» **SOURCE MATERIAL**

= = =

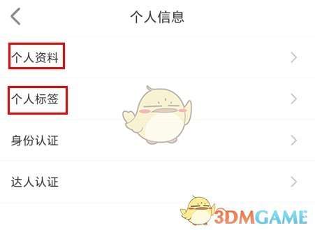 2、在个人信息页面中点击个人资料、个人标签按钮;
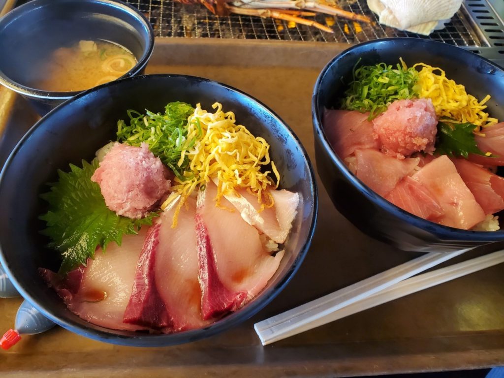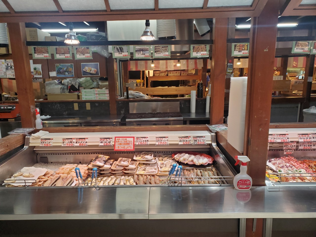 市場の中にバーベキュー用の材料があり、もちろん海鮮丼屋さんもございます。
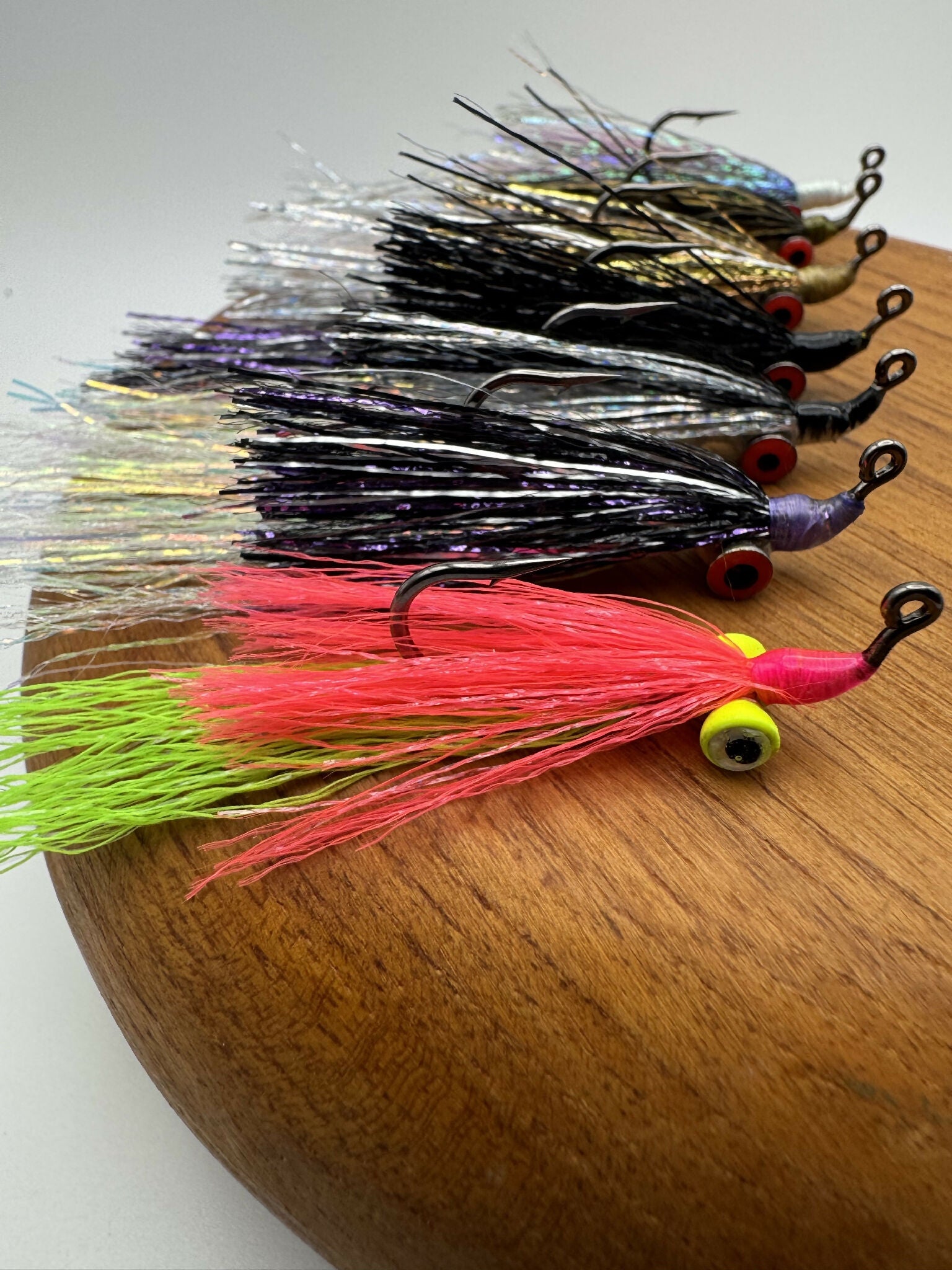 Set of 7 Kreelex minnows. Tied on #2 MFC 60 degree jig hook for great action when stripped. MFC Fish Flash Kreelex material in various colors. Pink/Chartreuse, Pear/Black/Silver, Pearl/Peacock, Purple/Pearl, Olive/Brown/Pearl, Holo Gold/Holo Silver, Purple/Black. Tied in Southern Illinois!
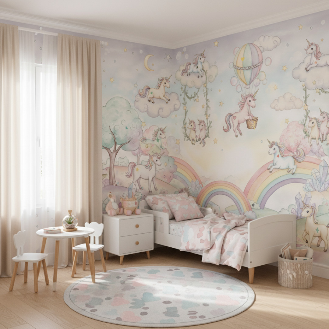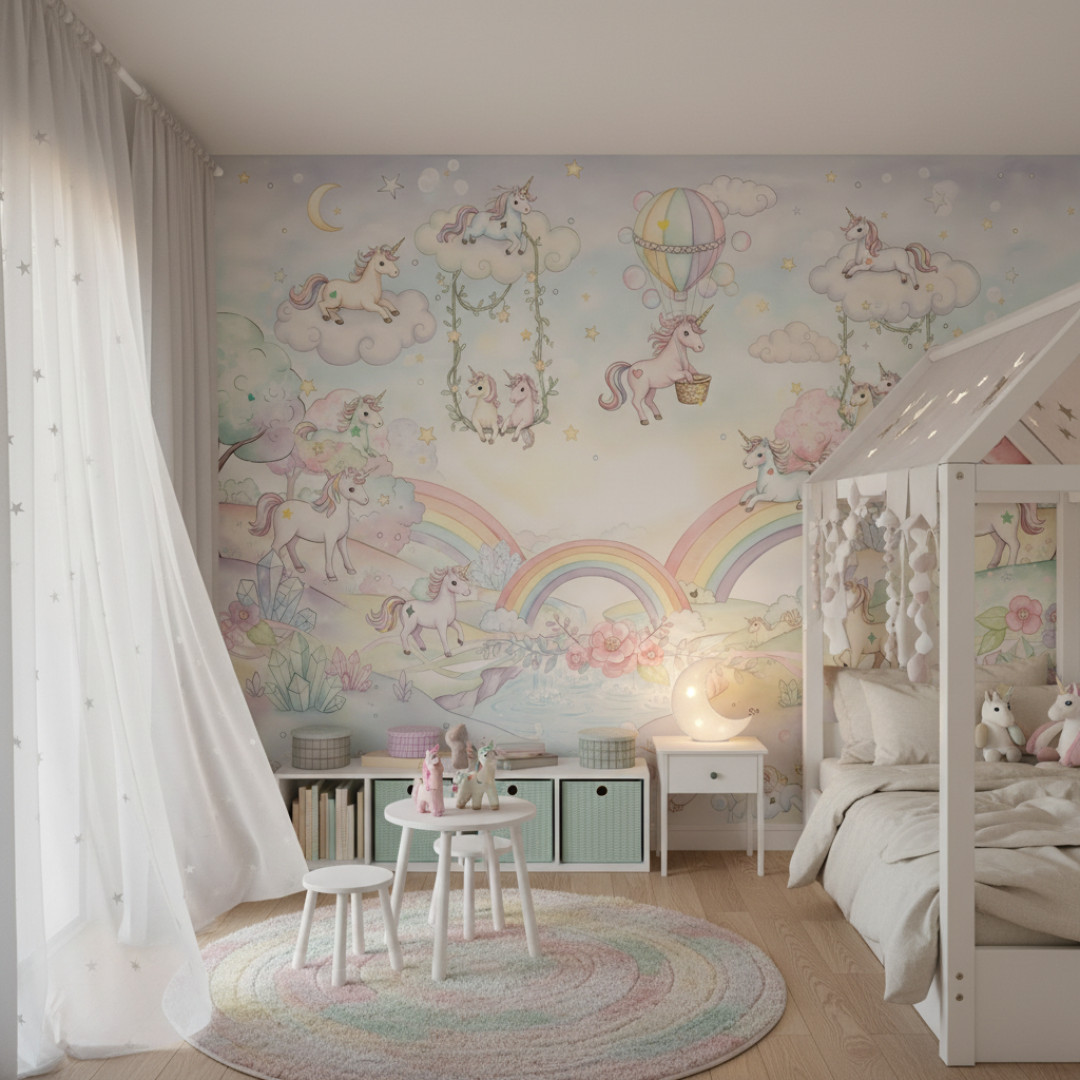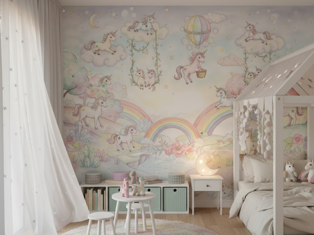 Magic Unicorns to tapeta dziecięca z bajkowym motywem jednorożców, chmur i tęczy, zaprojektowana z myślą o stworzeniu spokojnej i magicznej przestrzeni w pokoju dziecka. Delikatna ilustracja oraz pastelowa kolorystyka w odcieniach błękitu, różu i kremu wprowadzają lekkość, harmonię i marzycielski klimat.
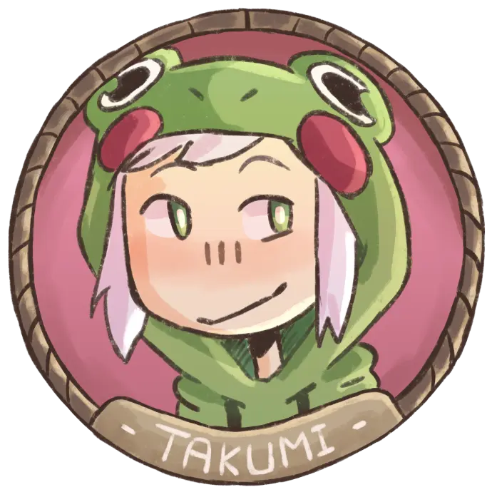 Appelé Taku, Takou ou encore Takoubelle, c'est une grenouille calme qui apprécie la tranquilité. Il affectionne les coins paisibles, comme les mares où il prend plaisir à pêcher !

= = =

» **YOUR ASSIGNMENT**
Quote the material in full and exactly; do not carry over its pictures.

» **TASK RESPONSE**
 2、在个人信息页面中点击个人资料、个人标签按钮;
 市場の中にバーベキュー用の材料があり、もちろん海鮮丼屋さんもございます。
 Set of 7 Kreelex minnows. Tied on #2 MFC 60 degree jig hook for great action when stripped. MFC Fish Flash Kreelex material in various colors. Pink/Chartreuse, Pear/Black/Silver, Pearl/Peacock, Purple/Pearl, Olive/Brown/Pearl, Holo Gold/Holo Silver, Purple/Black. Tied in Southern Illinois!
 Magic Unicorns to tapeta dziecięca z bajkowym motywem jednorożców, chmur i tęczy, zaprojektowana z myślą o stworzeniu spokojnej i magicznej przestrzeni w pokoju dziecka. Delikatna ilustracja oraz pastelowa kolorystyka w odcieniach błękitu, różu i kremu wprowadzają lekkość, harmonię i marzycielski klimat.
 Appelé Taku, Takou ou encore Takoubelle, c'est une grenouille calme qui apprécie la tranquilité. Il affectionne les coins paisibles, comme les mares où il prend plaisir à pêcher !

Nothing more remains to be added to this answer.